> [Problem to solve] Up to and including the line that holds "Ο πρώην υπουργός", print the data exactly from its first line; do not print the pictures.

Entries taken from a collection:
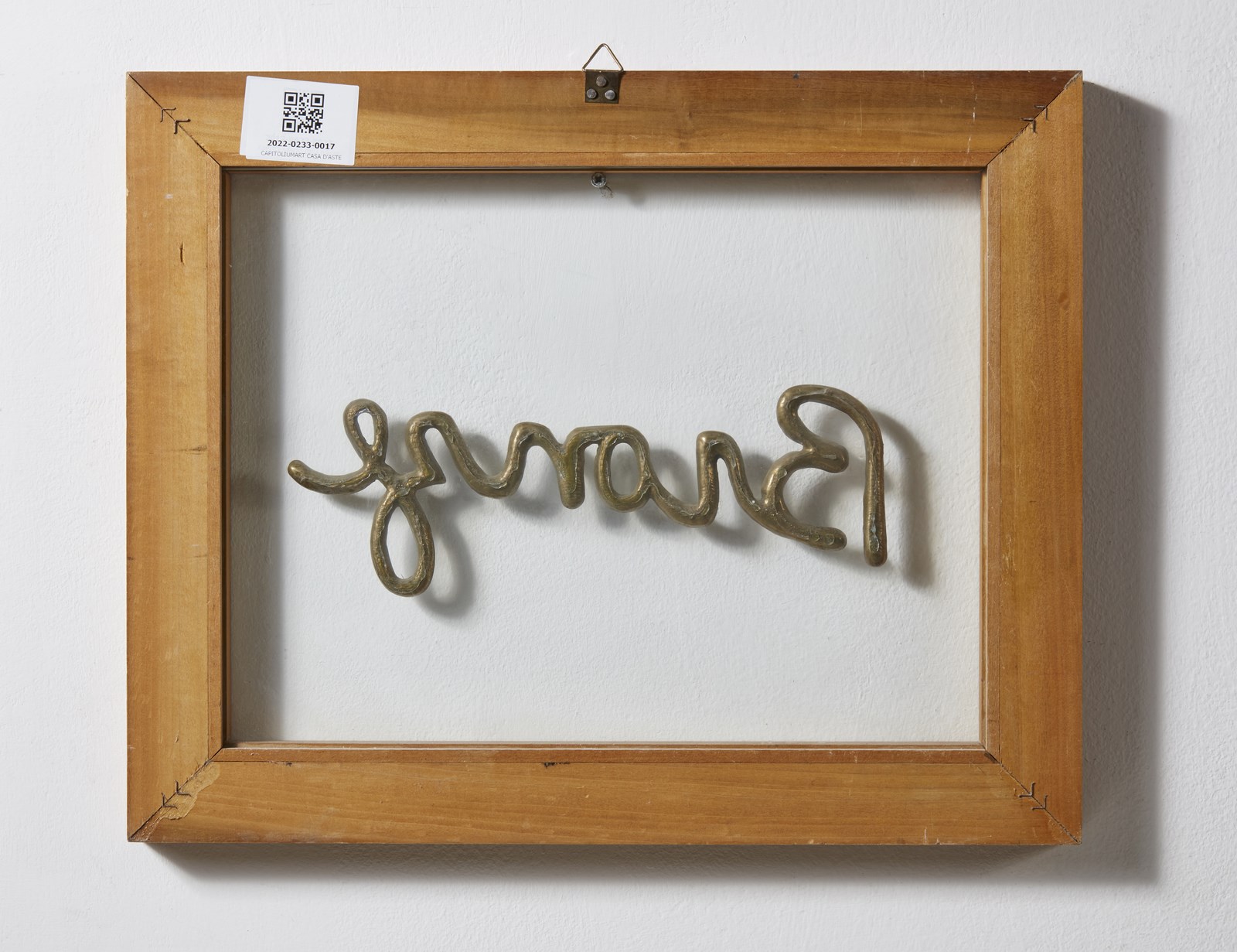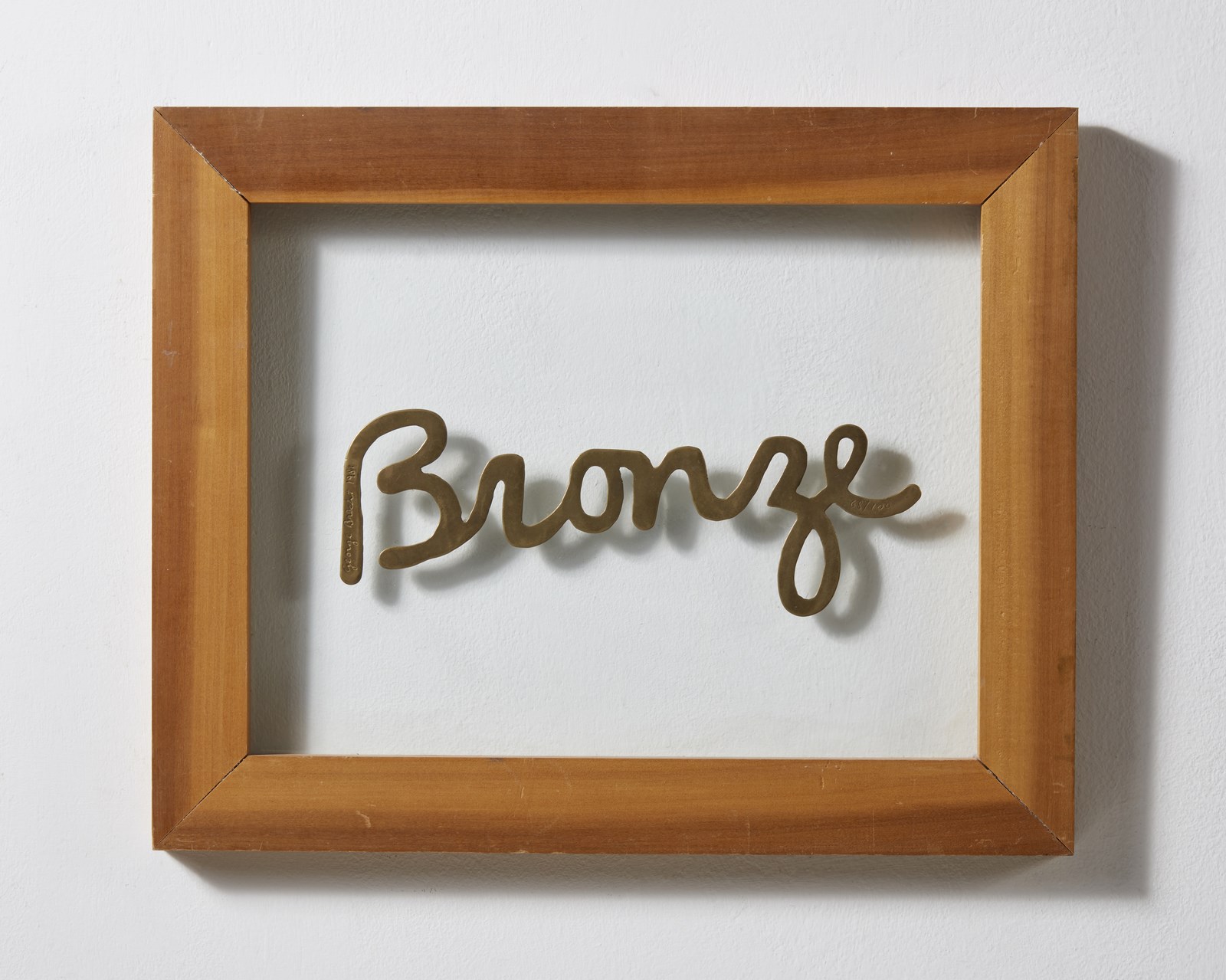 BRECHT GEORGE (1926 - 2008) Bronze. 1981. Bronzo. Cm 30,00 x 10,00. 68/100. Tiratura, firma e anno incise al retro. Dimensioni con cornice 37,5x47,5cm. Edizioni Francesco Conz. Edizione totale: 100 esemplari firmati e numerati. Lievi difetti. . Cornice presente
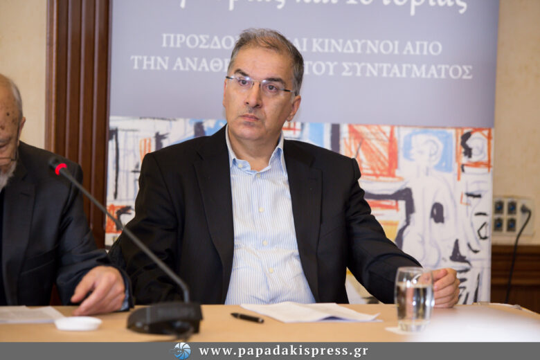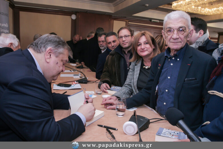 Ο πρώην υπουργός παρουσίασε στο Electra Palace στην Θεσσαλονίκη το νέο του βιβλίο “Η Δημοκρατία μεταξύ συγκυρίας και Ιστορίας Προσδοκίες και κίνδυνοι από την αναθεώρηση του Συντάγματος…” Πλήθος κόσμου έδωσε το “παρών” ανάμεσά τους και ο Δήμαρχος Θεσσαλονίκης κύριος Μπουτάρης.
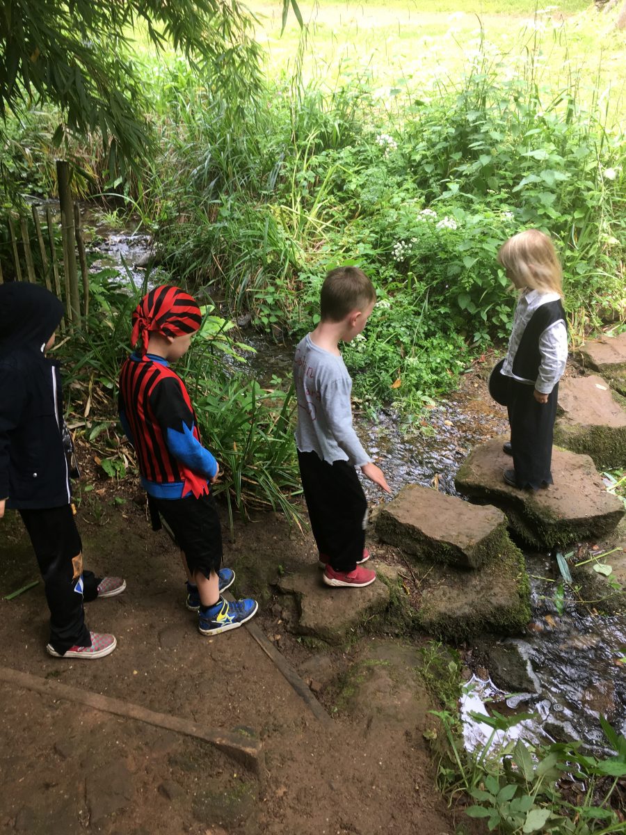 We continued around the grounds searching for our lost pirate ship. We headed through a beautiful woodland area where there were specimen trees from around the world. We measured their trunks with our arm-span and climbed the best ones.
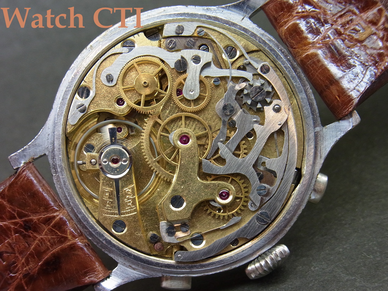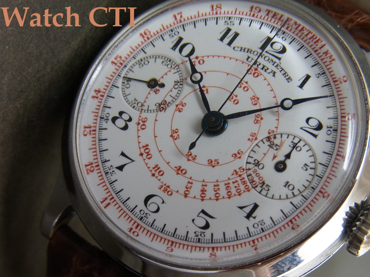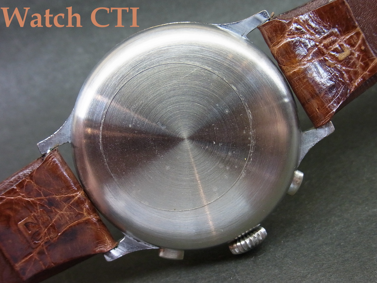 ☆ダイヤルに表示された「URRA」銘は資料不足で不明ですが、その成り立ちはランデロン(ハーン)製の15.5型(と判断しました)のラージクロノグラフムーブメントを搭載した40ミリ外径の一本です!
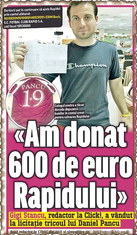 Demersul rapidiştilor ar fi fost inutil fără efortul suporterilor, care au donat toţi banii din care s-au plătit taxele şi avocaţii de la TAS. A fost vorba de aproximativ 12.000 de franci elveţieni, strânşi de fani prin cotizaţii individuale sau licitaţii ale unor obiecte primite de la foste glorii. A fost şi cazul redactorului Click!, Gigi Stancu, care a participat la această campanie cu suma de 600 de euro, obţinută din vânzarea la licitaţie a tricoului primit cadou de la Daniel Pancu. Toată suma cheltuită la tribunal se va întoarce însă în club ca despăgubire, la cererea elveţienilor.
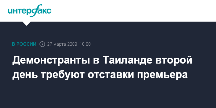 Бангкок. 27 марта. INTERFAX.RU - Премьер-министр Таиланда Абхисит Вечачива отказался в пятницу подать в отставку, которой от него требуют тысячи демонстрантов, второй день подряд осаждающие здание правительства в Бангкоке, сообщает агентство ЭФЭ.
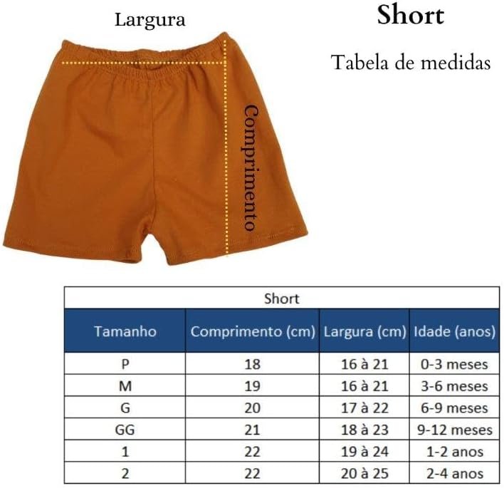Short Bebê Short Infantil Roupas de bebe minimalista P M G GG 1 2
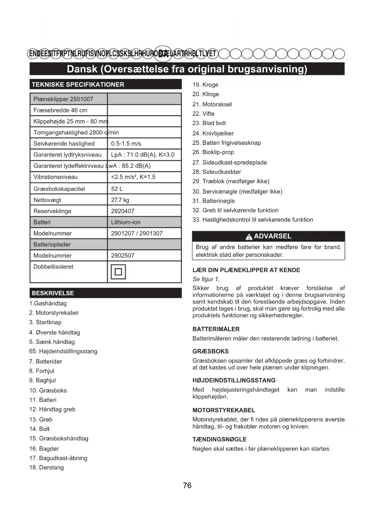 EN DE ES IT FR PT NL RU FI SV NO PL CS SK SL HR HU RO BG EL AR TR HE LT LV ET TEKNISKE SPECIFIKATIONERPlæneklipper 2501007Fræsebredde 46 cmKlippehøjde 25 mm - 80 mmTomgangshastighed 2800 o/minSelvkørende hastighed 0.5-1.5 m/sGaranteret lydtryksniveau LpA : 71.0 dB(A), K=3.0Garanteret lydeffektniveau LwA : 85.2 dB(A)Vibrationsniveau <2.5 m/s², K=1.5Græsbokskapacitet 52 L Nettovægt 27.7 kg Reserveklinge 2920407Batteri Lithium-ionModelnummer 2901207 / 2901307BatteriopladerModelnummer 2902507DobbeltisoleretBESKRIVELSE1.Gashåndtag2. Motorstyrekabel3. Startknap4. Øverste håndtag5. Sænk håndtag65. Højdeindstillingsstang7. Batteridør8. Forhjul9. Baghjul10. Græsboks11. Batteri12. Håndtag greb13. Greb14. Bolt15. Græsbokshåndtag16. Bagdør17. Bagudkast-åbning18. Dørstang19. Kroge20. Klinge21. Motoraksel22. Vifte23. Blad bolt24. Knivbjælker25. Batteri frigivelsesknap26. Bioklip-prop27. Sideudkast-spredeplade28. Sideudkastdør29. Træblok (medfølger ikke)30. Servicenøgle (medfølger ikke)31. Batterinøgle32. Greb til selvkørende funktion 33. Hastighedskontrol til selvkørende funktion ADVARSEL Brug af andre batterier kan medføre fare for brand, elektrisk stød eller personskader.LÆR DIN PLÆNEKLIPPER AT KENDESe gur 1.Sikker brug af produktet kræver forståelse af informationerne på værktøjet og i denne brugsanvisning samt kendskab til den forestående arbejdsopgave. Inden produktet tages i brug, skal man gøre sig fortrolig med alle produktets funktioner og sikkerhedsregler.BATTERIMÅLERBatterimåleren måler den resterende ladning i batteriet.GRÆSBOKSGræsboksen opsamler det afklippede græs og forhindrer, at det kastes ud over hele plænen under klipningen.HØJDEINDSTILLINGSSTANGMed højdejusteringshåndtaget kan man indstille klippehøjden.MOTORSTYREKABEL Motorstyrekablet, der ndes på plæneklipperens øverste håndtag, til- og frakobler motoren og kniven.TÆNDINGSNØGLENøglen skal sættes i før plæneklipperen kan startes. 76Dansk (Oversættelse fra original brugsanvisning)
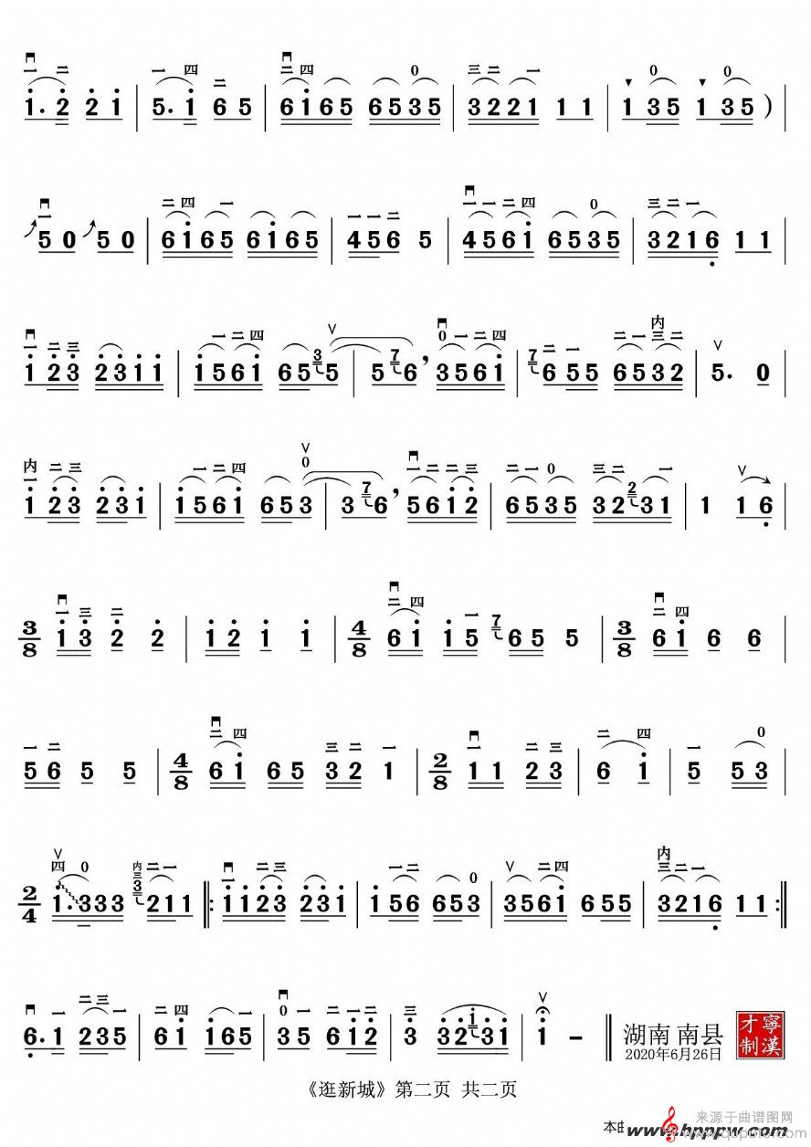 曲谱图网为您提供逛新城二胡演奏简谱找谱子,就上曲谱图网。
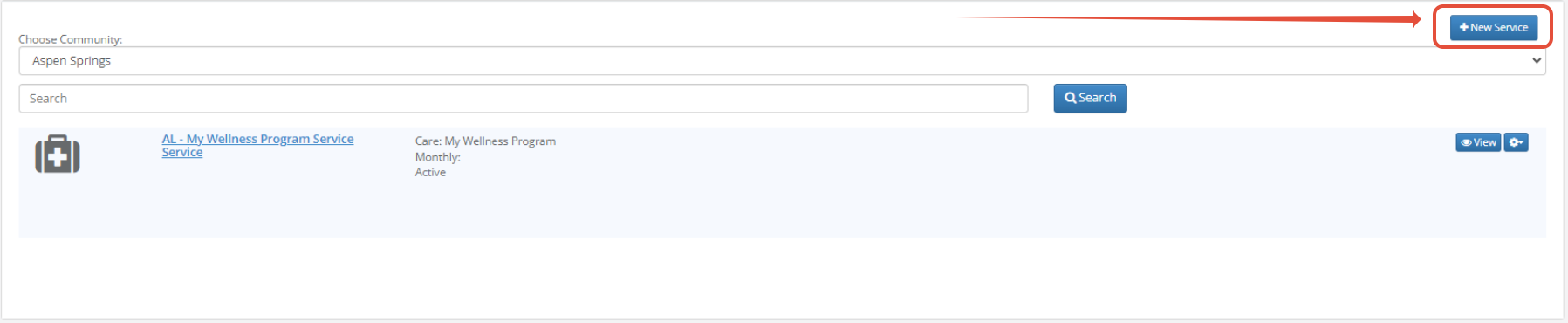 Step 2: In the upper right of the page, click the blue New Service button.
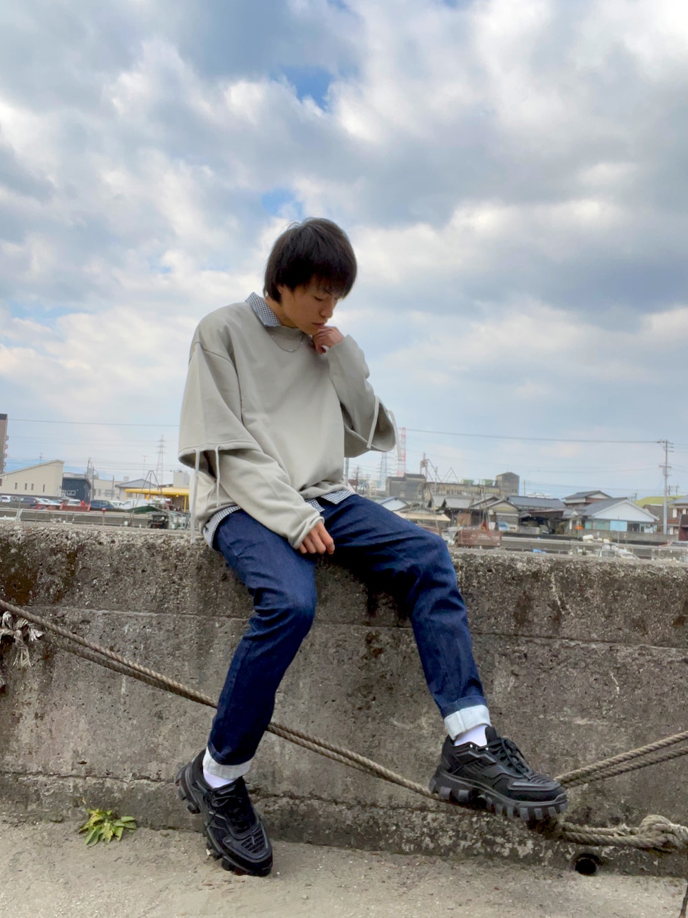 空飛ぶぺんぎんのスウェット「ビッグシルエット クオリティーブライト裏毛 レイヤードプルオーバースウェット/EMMA CLOTHES」を使ったコーディネート
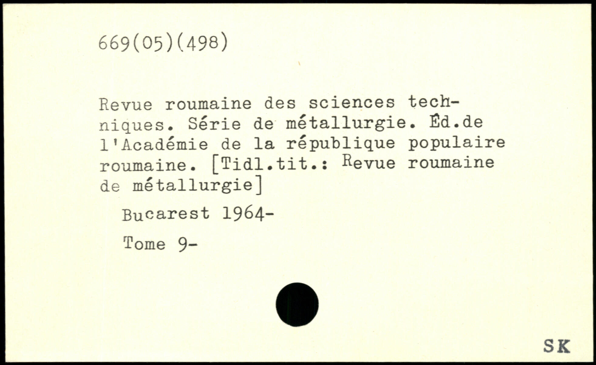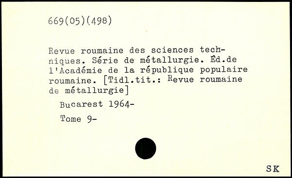 Revue roumaine des sciences techniques. Série de métallurgie. Ëd.de l’Académie de la république populaire roumaine. [Tidl.tit.s Revue roumaine de métallurgie]
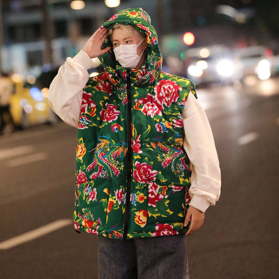 2023中国風東北大花綿のベストコートの大きいサイズはゆったりしています。
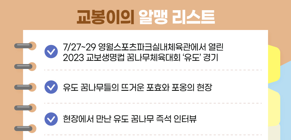 그럼 2023 교보생명컵 꿈나무체육대회 유도 소식은 여기까지! 앞으로 남은 체조, 수영, 빙상, 탁구 현장도 기대해 줘!
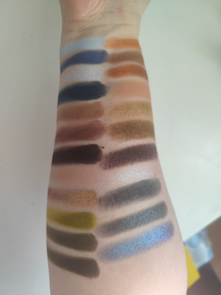 Ich habe die Palette in Quads geswatcht statt in Reihen wie sonst, weil ich eindeutig fand, dass die zusammen gehören. Auf der Haut waren die Swatches ganz okay, aber wirklich glänzen konnten die Shades dann auf dem Auge.

> [Finished task]
 BRECHT GEORGE (1926 - 2008) Bronze. 1981. Bronzo. Cm 30,00 x 10,00. 68/100. Tiratura, firma e anno incise al retro. Dimensioni con cornice 37,5x47,5cm. Edizioni Francesco Conz. Edizione totale: 100 esemplari firmati e numerati. Lievi difetti. . Cornice presente
 Ο πρώην υπουργός παρουσίασε στο Electra Palace στην Θεσσαλονίκη το νέο του βιβλίο “Η Δημοκρατία μεταξύ συγκυρίας και Ιστορίας Προσδοκίες και κίνδυνοι από την αναθεώρηση του Συντάγματος…” Πλήθος κόσμου έδωσε το “παρών” ανάμεσά τους και ο Δήμαρχος Θεσσαλονίκης κύριος Μπουτάρης.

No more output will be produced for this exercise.